材料はカネライトフォームというもの。意外と切削性がよく大変作業が早い。25mmの板を4枚重ねて接着し、1日経ってからザクザクのこぎりで切った。その後は荒い木工用ヤスリで加工。軽くぺーパーがけ。1時間ぐらいでブロックからここまで出来きる。

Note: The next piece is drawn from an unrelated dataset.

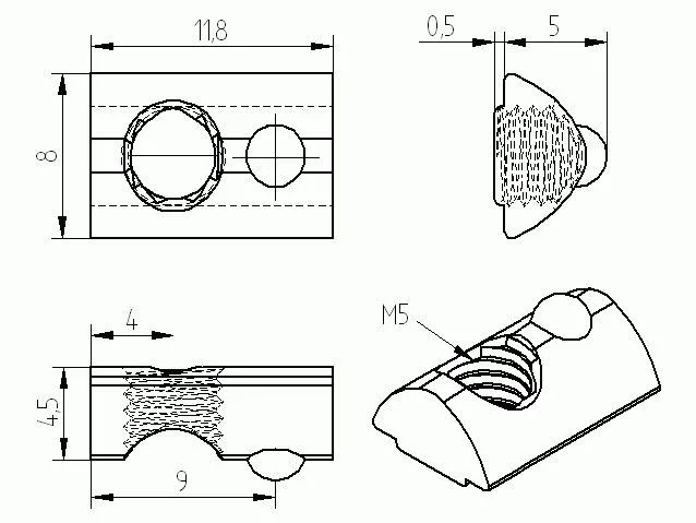 I5 slide nut 12x7,7x4,65 mm, M5 5mm groove

胴体製作2 FRP1プライ目完了。エポキシの硬化は本当にぴったり3時間。作業できる時間は2時間程度。(気温25度)強度の欲しい部分は3プライ、全体と最低2プライとした。割って中を研磨しないためにテープを貼っている。PPテープを貼っているのでエポキシの伸びがよく刷毛で楽に塗り込めた。ロストモールド工法から一歩進歩し、この工法をテープパック工法と名づけます。

胴体製作2

エポキシ硬化後胴体を「ほじほじ」する。いきなりシンナーで溶かすのは大量に有機溶剤がいりそうなので出来るだけ手(ドライバや自在鋸)で発泡を削っていく。幸い吸気穴、排気穴、主翼穴、キャノピー穴がありますので、全部の穴を貫通できる。分割しなくても加工可能。内面を研磨しなくてもなしで済む。テープの糊面でFRPと発泡が分離していく。

胴体製作3
FRP胴体は81gという超軽量胴体になっている。裏面に残っていたPPテープをはがすと裏面は鏡面のようになっている。どんどん薄くなっているので透明度が上がってスケルトン仕様になっている。有機溶剤の使用はどうしても取れないノーズ部分を溶かした20ccに留まった。このくらいだと持って見ても「軽い!」と感じる。穴あきもなく、裏面を磨く必要もない。FRPを貼る面の平滑さは特に重要。


胴体塗装1

下地処理の最中。とりあえずラッカーサーフェーサーを1回塗ってみた。ラッカーとはいえ大変厚く重い塗料なので硬化したら水研ぎしてほとんど落とすつもりで行なう。


胴体塗装2

透明では凸凹がわかりにくいので水色を混ぜて下地塗装を行なう。毎回重量を測りながら水研ぎを行なう。仕上げまで胴体だけで30gは塗った計算になる。完全には凸凹はとりきれずこれ以上の塗装は飛行に影響するのでこのくらいで仕上げとする。

 


先尾翼製作

先尾翼はバルサ組後、胴体貫通カーボンパイプにで固定。接着後、0.5mmスチレンを貼る。エレベータはテトラエルロンホーンにより、エルロンのように胴体内でリンケージする。

 


仕上げ

最終塗装およびメカルーム製作。
エレベータ、ラダーリンケージ。
ジャイロ搭載。感度等調整。
ダクト搭載。

前進翼とお月様尾翼が印象的なトップビュー。カナードは主翼の44%の面積。